● Input for this task:
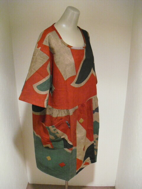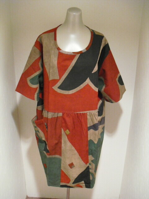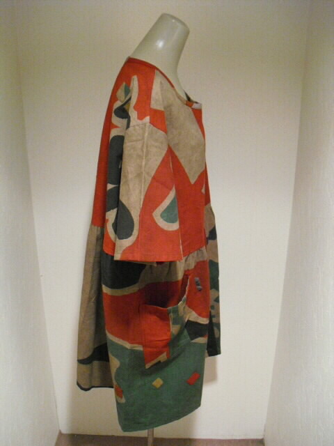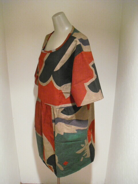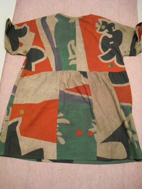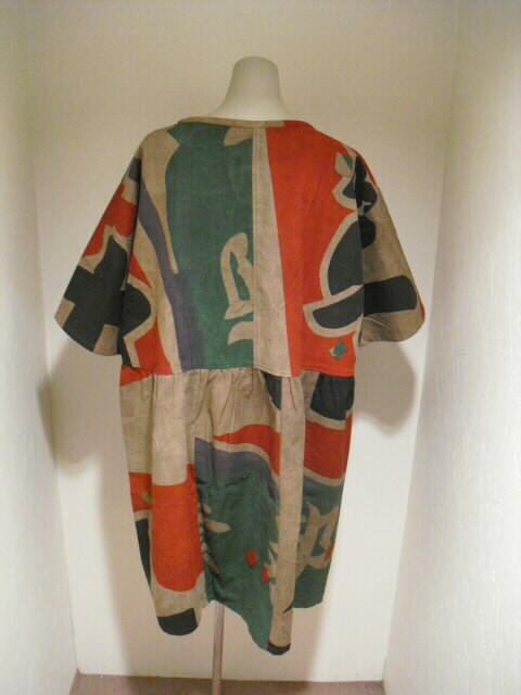 (後側) スッポリかぶれるデザインで、どなたにも気軽にお召し頂けます。 裏無しになっていますが生地がしっかりしていますので長い期間着ていただけるチュニックです。
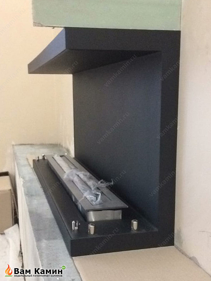 На фото биокамин фронтальный SteelHeat Leader 1000 на этапе установки. После монтажа очага и топливного блока биокамин будет отлично сочетаться с помещением и послужит дополнительным обогревательным прибором.
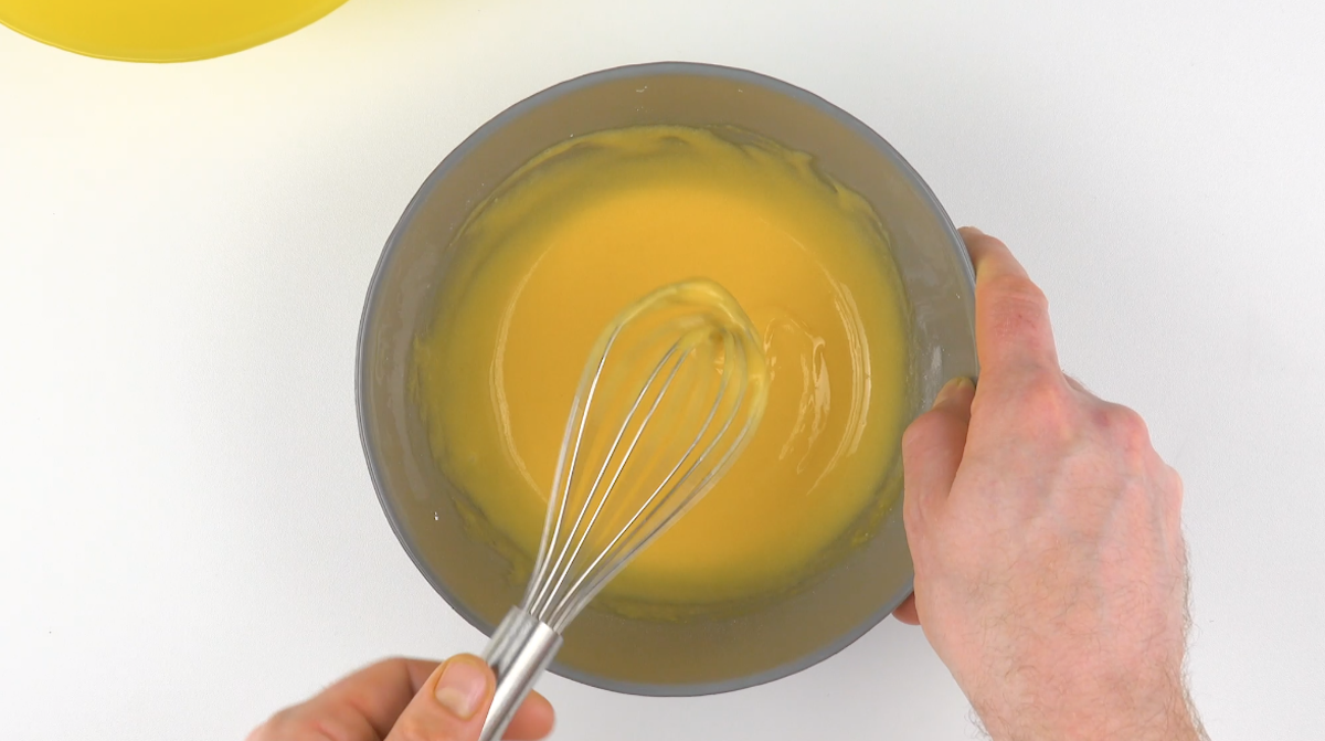 1.) Gib 4 Eigelb in eine Schüssel und verrühre sie mit 60 g Puderzucker. Füge das gesiebte Mehl, das Olivenöl und die Milch hinzu und vermenge alles mit einem Schneebesen.
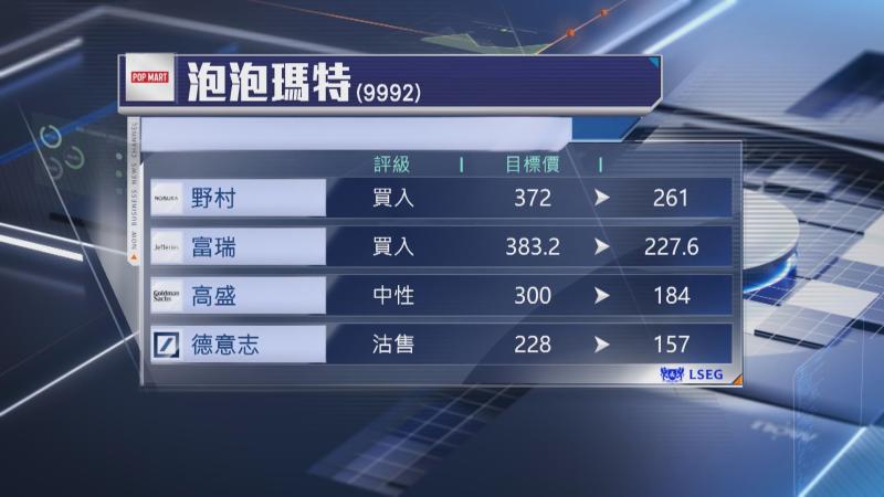 美銀證券則將評級降至「中性」,及將目標價大幅下調43%至170元。美銀指出公司今年收入增長指引低於市場預期的30%,LABUBU在歐美熱潮降溫,加上利潤率壓力增加,對今明兩年經調整每股盈利預測,分別下調19%及26%。
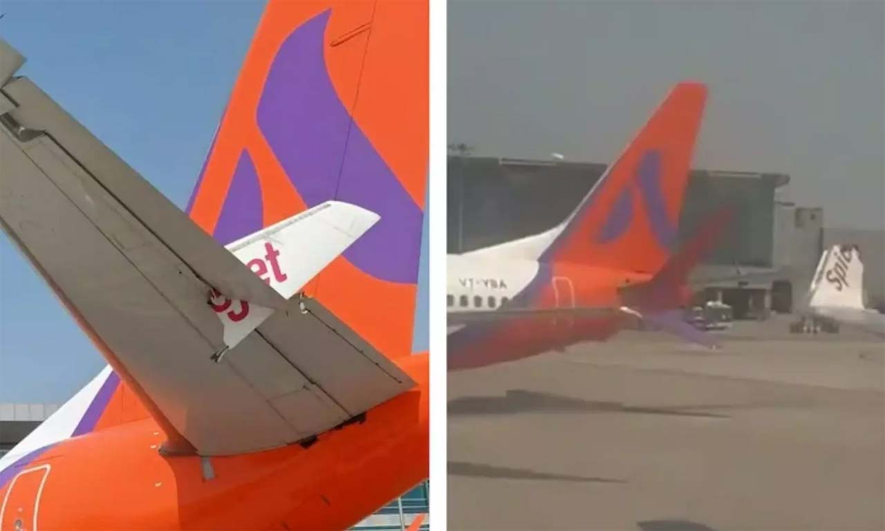 గురువారం (ఏప్రిల్ 16, 2026) నాడు ట్యాక్సీ వేపై కదులుతున్న స్పైస్జెట్ విమానం, అక్కడ ఆగి ఉన్న అకాసా ఎయిర్ విమానాన్ని ఢీకొట్టింది. స్పైస్జెట్ విమానం రెక్క కొన (Wing tip) వేగంగా వెళ్తూ అకాసా ఎయిర్ విమానం రెక్కను తాకడంతో
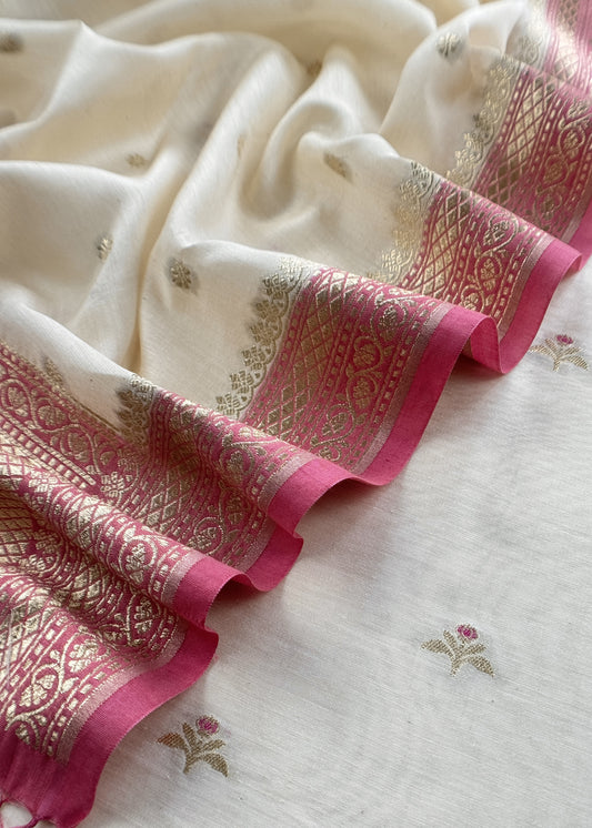 Ivory And Pink Summers Handloom Banarasi Unstitched Suit Fabric
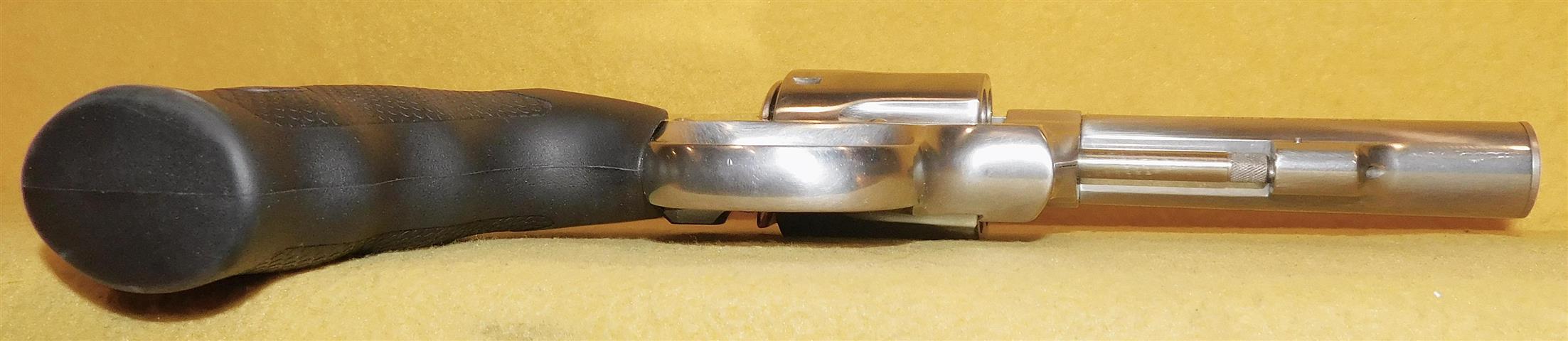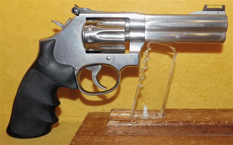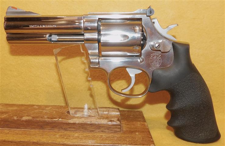 S&W 686 (NO DASH )BRIGHT POLISH IN .357 MAGNUM CAL., WITH 4" BARREL. COLOR STAINLESS STEEL. CONDITION 98% LIKE NEW. SERIAL NUMBER AHS6431. S&W MODEL 686 (NO DASH) BRIGHT POLISH IN .357 MAGNUM CALIBER, BRIGHT SHINY BORE, FACTORY FINGER GROOVE RUBBER GRIPS EXCELLENT, 98% LIKE NEW OVERALL CONDITION, OUR STOCK # D8083. OUR OLD STOCK # YA16101
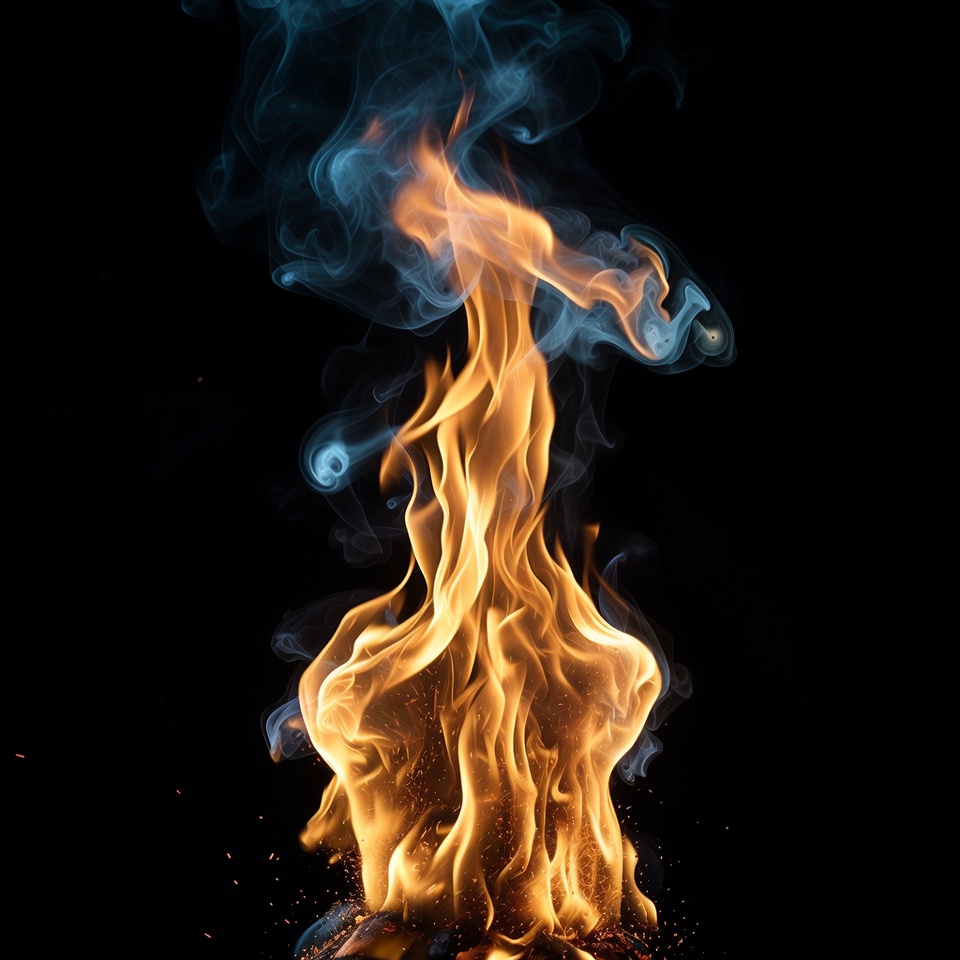 black background, blue flames, burning, combustion, dark background, fiery smoke, flame shapes, flames, glowing fire, heat, inferno, isolated, orange fire, smoke, smoke trails, sparks, fire
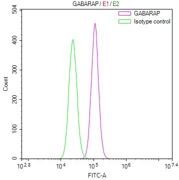 • Overlay Peak curve showing PC-3 cells stained with CSB-RA546399A0HU (red line) at 1:100. The cells were fixed in 4% formaldehyde and permeated by 0.2% TritonX-100 for 10min. Then 10% normal goat serum to block non-specific protein-protein interactions followed by the antibody (1ug/1*106cells) for 45min at 4℃. The secondary antibody used was FITC-conjugated goat anti-rabbit IgG (H+L) at 1/200 dilution for 35min at 4℃.Control antibody (green line) was Rabbit IgG (1ug/1*106cells) used under the same conditions. Acquisition of >10,000 events was performed.

● About this task: Please transcribe the entries precisely and omit any images they hold.

● Worked solution:
 (後側) スッポリかぶれるデザインで、どなたにも気軽にお召し頂けます。 裏無しになっていますが生地がしっかりしていますので長い期間着ていただけるチュニックです。
 На фото биокамин фронтальный SteelHeat Leader 1000 на этапе установки. После монтажа очага и топливного блока биокамин будет отлично сочетаться с помещением и послужит дополнительным обогревательным прибором.
 1.) Gib 4 Eigelb in eine Schüssel und verrühre sie mit 60 g Puderzucker. Füge das gesiebte Mehl, das Olivenöl und die Milch hinzu und vermenge alles mit einem Schneebesen.
 美銀證券則將評級降至「中性」,及將目標價大幅下調43%至170元。美銀指出公司今年收入增長指引低於市場預期的30%,LABUBU在歐美熱潮降溫,加上利潤率壓力增加,對今明兩年經調整每股盈利預測,分別下調19%及26%。
 గురువారం (ఏప్రిల్ 16, 2026) నాడు ట్యాక్సీ వేపై కదులుతున్న స్పైస్జెట్ విమానం, అక్కడ ఆగి ఉన్న అకాసా ఎయిర్ విమానాన్ని ఢీకొట్టింది. స్పైస్జెట్ విమానం రెక్క కొన (Wing tip) వేగంగా వెళ్తూ అకాసా ఎయిర్ విమానం రెక్కను తాకడంతో
 Ivory And Pink Summers Handloom Banarasi Unstitched Suit Fabric
 S&W 686 (NO DASH )BRIGHT POLISH IN .357 MAGNUM CAL., WITH 4" BARREL. COLOR STAINLESS STEEL. CONDITION 98% LIKE NEW. SERIAL NUMBER AHS6431. S&W MODEL 686 (NO DASH) BRIGHT POLISH IN .357 MAGNUM CALIBER, BRIGHT SHINY BORE, FACTORY FINGER GROOVE RUBBER GRIPS EXCELLENT, 98% LIKE NEW OVERALL CONDITION, OUR STOCK # D8083. OUR OLD STOCK # YA16101
 black background, blue flames, burning, combustion, dark background, fiery smoke, flame shapes, flames, glowing fire, heat, inferno, isolated, orange fire, smoke, smoke trails, sparks, fire
 • Overlay Peak curve showing PC-3 cells stained with CSB-RA546399A0HU (red line) at 1:100. The cells were fixed in 4% formaldehyde and permeated by 0.2% TritonX-100 for 10min. Then 10% normal goat serum to block non-specific protein-protein interactions followed by the antibody (1ug/1*106cells) for 45min at 4℃. The secondary antibody used was FITC-conjugated goat anti-rabbit IgG (H+L) at 1/200 dilution for 35min at 4℃.Control antibody (green line) was Rabbit IgG (1ug/1*106cells) used under the same conditions. Acquisition of >10,000 events was performed.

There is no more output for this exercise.